0x000000000040059f <+0>: push   %rbp

Push %RBP 's value onto the stack.

0x00000000004005a0 <+1>: mov    %rsp,%rbp

Copy %RSP 's value into %RBP (create a new stack frame).

0x00000000004005a3 <+4>: mov    $0x0,%eax

Move the immediate value 0x0 into %EAX . That is, it zeroes %EAX . As you're in 64-bit mode, this also clears all of %RAX .

0x00000000004005a8 <+9>: callq  0x40057d <get_input>

Push %RIP 's value (undoable directly), then jump to label/function get_input() .

0x00000000004005ad <+14>:    mov    $0x0,%eax

According to the AMD64 System V ABI , a function's return value is stored in %RAX (not taking into account floating point and large structures). It also says that there are two groups of registers: caller-saved and callee-saved. When you call a function, you can't expected caller-saved registers to remain the same, you must save them yourself in the stack if necessary. Likewise, a function that gets called must preserve callee-saved registers if it uses them. The caller-saved registers are %RAX , %RDI , %RSI , %RDX , %RCX , %R8 , %R9 , %R10 , and %R11 . The callee-saved registers are %RBX , %RSP , %RBP , %R12 , %R13 , %R14 , and %R15 .

Now, as main() apparently performs return 0 , it must return that 0 in %RAX , right? However, two things should be taken into account. Firstly, in the AMD64 System V ABI, sizeof(int) == 4 . %RAX is 8 bytes wide, but %EAX is 4 bytes wide, so %EAX should be used for manipulating int -wide stuff, such as main() 's return value. Secondly, %EAX is part of %RAX , and %RAX is caller-saved, thus we can't rely on its value after a call. So, we perform MOV $0x0, %EAX in order to set the function's return value to zero.

0x00000000004005b2 <+19>:    pop    %rbp

Restore main() 's caller's %RBP , that is, destroy main() 's stack frame.

0x00000000004005b3 <+20>:    retq   

Return from main() with a return value of 0 .

Then, we have get_input() ...

0x000000000040057d <+0>: push   %rbp

Push %RBP 's value onto the stack.

0x000000000040057e <+1>: mov    %rsp,%rbp

Copy %RSP 's value into %RBP (create a new stack frame).

0x0000000000400581 <+4>: sub    $0x10,%rsp

Subtract 16 from %RSP (reserve 16 bytes of temporary storage for the current frame).

0x0000000000400585 <+8>: lea    -0x10(%rbp),%rax

Load the effective address -0x10(%RBP) into %RAX . That is, it loads into %RAX the result of subtracting 16 from %RBP 's value. This means that %RAX now points to the first byte of local temporary storage.
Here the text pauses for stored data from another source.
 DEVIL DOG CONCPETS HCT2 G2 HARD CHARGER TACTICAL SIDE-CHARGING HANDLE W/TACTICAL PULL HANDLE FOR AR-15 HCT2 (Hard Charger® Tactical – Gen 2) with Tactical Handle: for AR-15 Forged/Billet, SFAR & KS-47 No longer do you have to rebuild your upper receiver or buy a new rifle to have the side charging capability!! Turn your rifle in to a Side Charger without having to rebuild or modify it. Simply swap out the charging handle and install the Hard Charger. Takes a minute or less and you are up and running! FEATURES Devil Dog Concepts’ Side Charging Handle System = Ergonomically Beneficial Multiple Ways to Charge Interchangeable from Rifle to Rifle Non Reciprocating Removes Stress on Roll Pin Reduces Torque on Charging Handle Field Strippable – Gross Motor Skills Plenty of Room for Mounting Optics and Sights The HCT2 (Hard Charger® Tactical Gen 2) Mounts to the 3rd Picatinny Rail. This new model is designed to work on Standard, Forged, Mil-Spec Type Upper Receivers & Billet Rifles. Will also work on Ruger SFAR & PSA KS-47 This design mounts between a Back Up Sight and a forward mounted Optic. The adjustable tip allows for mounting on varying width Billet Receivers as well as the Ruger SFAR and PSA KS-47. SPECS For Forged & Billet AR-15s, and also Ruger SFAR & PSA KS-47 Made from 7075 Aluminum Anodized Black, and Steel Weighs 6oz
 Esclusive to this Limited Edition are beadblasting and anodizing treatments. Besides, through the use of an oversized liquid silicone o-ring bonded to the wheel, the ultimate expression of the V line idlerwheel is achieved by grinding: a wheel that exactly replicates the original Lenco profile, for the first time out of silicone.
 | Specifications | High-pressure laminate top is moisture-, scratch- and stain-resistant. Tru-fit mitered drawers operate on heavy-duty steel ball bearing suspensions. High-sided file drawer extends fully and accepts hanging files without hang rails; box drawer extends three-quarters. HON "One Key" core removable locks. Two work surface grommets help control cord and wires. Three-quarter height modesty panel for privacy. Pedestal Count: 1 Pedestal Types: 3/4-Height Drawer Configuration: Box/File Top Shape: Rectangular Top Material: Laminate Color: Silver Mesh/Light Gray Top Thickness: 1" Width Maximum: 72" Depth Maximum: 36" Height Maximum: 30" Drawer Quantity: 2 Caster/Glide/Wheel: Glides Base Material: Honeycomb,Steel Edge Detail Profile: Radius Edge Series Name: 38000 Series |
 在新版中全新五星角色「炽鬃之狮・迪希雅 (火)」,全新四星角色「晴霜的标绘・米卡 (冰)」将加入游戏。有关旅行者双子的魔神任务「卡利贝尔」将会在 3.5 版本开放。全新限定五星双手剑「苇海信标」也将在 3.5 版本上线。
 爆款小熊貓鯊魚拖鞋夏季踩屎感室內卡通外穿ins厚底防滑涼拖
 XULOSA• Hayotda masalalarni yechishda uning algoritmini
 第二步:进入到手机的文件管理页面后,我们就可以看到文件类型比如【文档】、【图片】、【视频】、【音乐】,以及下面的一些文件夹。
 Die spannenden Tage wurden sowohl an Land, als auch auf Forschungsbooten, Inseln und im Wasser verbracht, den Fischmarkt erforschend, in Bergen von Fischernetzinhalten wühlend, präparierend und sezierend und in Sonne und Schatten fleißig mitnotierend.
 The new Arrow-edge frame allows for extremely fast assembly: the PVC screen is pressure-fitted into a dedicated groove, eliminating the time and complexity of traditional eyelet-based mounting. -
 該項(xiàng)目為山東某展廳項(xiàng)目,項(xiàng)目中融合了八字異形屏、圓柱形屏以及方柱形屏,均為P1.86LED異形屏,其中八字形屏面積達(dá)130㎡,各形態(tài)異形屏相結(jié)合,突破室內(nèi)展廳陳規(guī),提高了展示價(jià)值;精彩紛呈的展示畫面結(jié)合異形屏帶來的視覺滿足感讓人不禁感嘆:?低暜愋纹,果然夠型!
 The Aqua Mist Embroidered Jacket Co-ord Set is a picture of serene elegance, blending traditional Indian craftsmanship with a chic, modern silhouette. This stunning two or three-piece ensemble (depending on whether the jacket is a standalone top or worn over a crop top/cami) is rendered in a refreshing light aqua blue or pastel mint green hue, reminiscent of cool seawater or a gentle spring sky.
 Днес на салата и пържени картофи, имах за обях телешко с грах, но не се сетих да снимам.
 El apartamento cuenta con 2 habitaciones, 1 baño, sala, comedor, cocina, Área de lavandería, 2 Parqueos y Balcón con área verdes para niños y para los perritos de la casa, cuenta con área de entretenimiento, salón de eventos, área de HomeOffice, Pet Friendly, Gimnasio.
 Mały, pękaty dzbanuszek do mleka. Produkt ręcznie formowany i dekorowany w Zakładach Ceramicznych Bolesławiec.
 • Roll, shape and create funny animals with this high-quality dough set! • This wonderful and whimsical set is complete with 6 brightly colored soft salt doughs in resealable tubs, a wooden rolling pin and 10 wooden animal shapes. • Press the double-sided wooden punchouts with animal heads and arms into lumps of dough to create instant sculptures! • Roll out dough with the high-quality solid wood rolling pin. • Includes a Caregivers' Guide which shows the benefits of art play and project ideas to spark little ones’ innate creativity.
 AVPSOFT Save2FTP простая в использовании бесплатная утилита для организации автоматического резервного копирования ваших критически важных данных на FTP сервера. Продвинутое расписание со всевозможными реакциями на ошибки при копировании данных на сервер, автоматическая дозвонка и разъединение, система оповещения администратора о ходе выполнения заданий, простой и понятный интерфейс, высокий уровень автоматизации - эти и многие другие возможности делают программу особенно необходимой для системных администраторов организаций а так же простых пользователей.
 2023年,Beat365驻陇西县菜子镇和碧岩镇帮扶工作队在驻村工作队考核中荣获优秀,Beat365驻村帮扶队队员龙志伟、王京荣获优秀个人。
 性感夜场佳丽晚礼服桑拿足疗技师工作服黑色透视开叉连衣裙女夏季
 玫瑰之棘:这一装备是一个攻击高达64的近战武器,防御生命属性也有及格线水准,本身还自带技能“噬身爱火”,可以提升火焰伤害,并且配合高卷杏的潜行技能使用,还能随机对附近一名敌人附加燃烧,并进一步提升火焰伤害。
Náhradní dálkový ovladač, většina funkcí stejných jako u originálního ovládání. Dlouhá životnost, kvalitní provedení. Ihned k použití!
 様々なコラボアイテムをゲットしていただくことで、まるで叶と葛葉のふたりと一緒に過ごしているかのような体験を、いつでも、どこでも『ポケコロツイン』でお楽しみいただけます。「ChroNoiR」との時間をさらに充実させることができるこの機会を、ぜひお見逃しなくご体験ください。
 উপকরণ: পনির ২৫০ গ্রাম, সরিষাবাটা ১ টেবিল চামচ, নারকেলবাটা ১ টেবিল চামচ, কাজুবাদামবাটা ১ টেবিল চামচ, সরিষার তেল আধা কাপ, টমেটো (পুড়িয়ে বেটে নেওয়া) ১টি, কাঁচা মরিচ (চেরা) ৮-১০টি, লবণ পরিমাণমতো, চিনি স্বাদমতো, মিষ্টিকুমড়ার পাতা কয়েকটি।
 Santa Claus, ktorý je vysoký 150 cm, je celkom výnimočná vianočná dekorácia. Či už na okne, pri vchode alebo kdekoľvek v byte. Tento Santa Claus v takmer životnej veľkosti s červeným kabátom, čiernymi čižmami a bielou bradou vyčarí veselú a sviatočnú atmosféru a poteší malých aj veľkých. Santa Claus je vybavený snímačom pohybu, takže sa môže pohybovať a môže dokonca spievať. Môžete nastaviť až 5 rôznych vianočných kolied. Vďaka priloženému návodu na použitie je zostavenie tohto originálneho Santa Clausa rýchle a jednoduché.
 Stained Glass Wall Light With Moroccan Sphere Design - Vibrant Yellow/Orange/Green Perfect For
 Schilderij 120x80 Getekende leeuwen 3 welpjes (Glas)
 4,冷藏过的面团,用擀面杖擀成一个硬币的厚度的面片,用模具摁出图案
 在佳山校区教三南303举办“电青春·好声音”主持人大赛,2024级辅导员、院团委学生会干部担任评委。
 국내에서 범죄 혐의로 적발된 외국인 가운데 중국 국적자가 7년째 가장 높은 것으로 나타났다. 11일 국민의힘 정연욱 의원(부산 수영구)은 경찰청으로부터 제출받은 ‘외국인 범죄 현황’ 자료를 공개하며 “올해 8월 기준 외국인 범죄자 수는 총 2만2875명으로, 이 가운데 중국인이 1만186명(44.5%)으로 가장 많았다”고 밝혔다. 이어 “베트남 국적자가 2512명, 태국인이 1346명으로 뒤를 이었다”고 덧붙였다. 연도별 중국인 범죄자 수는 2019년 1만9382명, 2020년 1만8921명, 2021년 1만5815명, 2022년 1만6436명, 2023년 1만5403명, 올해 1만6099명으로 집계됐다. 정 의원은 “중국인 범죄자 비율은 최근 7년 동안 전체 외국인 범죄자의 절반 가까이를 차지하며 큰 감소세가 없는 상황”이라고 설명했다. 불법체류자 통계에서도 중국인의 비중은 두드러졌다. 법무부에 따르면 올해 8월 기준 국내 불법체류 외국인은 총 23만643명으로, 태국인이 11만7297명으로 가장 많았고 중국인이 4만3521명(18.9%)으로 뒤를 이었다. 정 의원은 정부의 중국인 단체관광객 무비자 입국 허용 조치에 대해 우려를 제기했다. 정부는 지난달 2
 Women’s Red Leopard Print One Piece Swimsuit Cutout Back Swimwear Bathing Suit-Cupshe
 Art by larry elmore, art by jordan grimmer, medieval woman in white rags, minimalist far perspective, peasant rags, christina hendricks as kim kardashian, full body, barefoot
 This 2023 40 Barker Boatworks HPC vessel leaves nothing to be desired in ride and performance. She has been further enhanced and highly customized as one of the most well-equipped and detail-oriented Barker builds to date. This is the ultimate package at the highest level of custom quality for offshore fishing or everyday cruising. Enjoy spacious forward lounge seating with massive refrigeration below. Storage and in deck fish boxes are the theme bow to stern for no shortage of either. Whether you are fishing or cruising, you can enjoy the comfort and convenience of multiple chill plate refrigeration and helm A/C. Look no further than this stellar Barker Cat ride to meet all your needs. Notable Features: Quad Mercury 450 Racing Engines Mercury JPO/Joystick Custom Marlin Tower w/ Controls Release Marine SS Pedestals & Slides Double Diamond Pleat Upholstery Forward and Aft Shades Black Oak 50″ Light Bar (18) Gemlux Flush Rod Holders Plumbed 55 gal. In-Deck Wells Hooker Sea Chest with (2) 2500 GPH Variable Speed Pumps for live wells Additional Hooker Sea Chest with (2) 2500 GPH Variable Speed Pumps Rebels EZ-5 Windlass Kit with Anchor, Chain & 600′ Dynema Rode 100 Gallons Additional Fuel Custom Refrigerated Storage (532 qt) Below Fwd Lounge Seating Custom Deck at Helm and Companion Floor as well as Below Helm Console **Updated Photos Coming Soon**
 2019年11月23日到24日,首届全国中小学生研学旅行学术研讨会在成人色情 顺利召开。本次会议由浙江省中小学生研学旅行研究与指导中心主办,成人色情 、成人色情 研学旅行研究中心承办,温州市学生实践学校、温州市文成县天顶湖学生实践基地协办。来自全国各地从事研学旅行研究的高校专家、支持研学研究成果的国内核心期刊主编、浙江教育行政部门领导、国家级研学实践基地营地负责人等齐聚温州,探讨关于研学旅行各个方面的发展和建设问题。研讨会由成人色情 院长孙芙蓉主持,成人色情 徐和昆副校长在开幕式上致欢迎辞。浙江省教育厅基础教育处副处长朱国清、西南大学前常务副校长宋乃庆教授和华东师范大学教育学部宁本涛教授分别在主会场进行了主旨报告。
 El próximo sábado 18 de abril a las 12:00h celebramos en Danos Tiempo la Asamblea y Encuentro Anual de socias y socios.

0x0000000000400589 <+12>:    mov    %rax,%rdi

According to the ABI, a function's first argument is given on %RDI , the second on %RSI , etc... In this case, %RAX 's value is given as the first argument to the to-be-called function.

0x000000000040058c <+15>:    callq  0x400480 <gets@plt>

Call function gets() .

0x0000000000400591 <+20>:    lea    -0x10(%rbp),%rax

The same as above.

0x0000000000400595 <+24>:    mov    %rax,%rdi

Pass %RAX as the first argument.

0x0000000000400598 <+27>:    callq  0x400450 <puts@plt>

Call function puts() .

0x000000000040059d <+32>:    leaveq

Equivalent to MOV %RBP, %RSP then POP %RBP , that is, destroys the stack frame.

0x000000000040059e <+33>:    retq

Return from function get_input() without a proper return value.

Now...

MOV $0x0, %EAX What is the purpose of that instruction?

The second instance of that instruction is quite important, as it sets the return value of main() . However, the first one is actually redundant. You probably have optimizations disabled on your compiler.

Then 16 bytes are subtracted from rsp. I understand this is space allocated but why is it 16 bytes and not 8 bytes? I made the buffer 8 bytes only, what are the purpose of the other 8 bytes?

The ABI requires that %RSP shall be positioned on a 16-byte boundary before each function call. BTW, you should get away from statically-sized buffers and gets() .

Answer 2

The first instruction, mov $0x0, %eax , moves a zero into EAX in order to set the return code.

The second instruction, sub $0x10,%rsp is allocating memory and aligning the stack for system calls. The calling standard requires 16 byte alignment, not 8.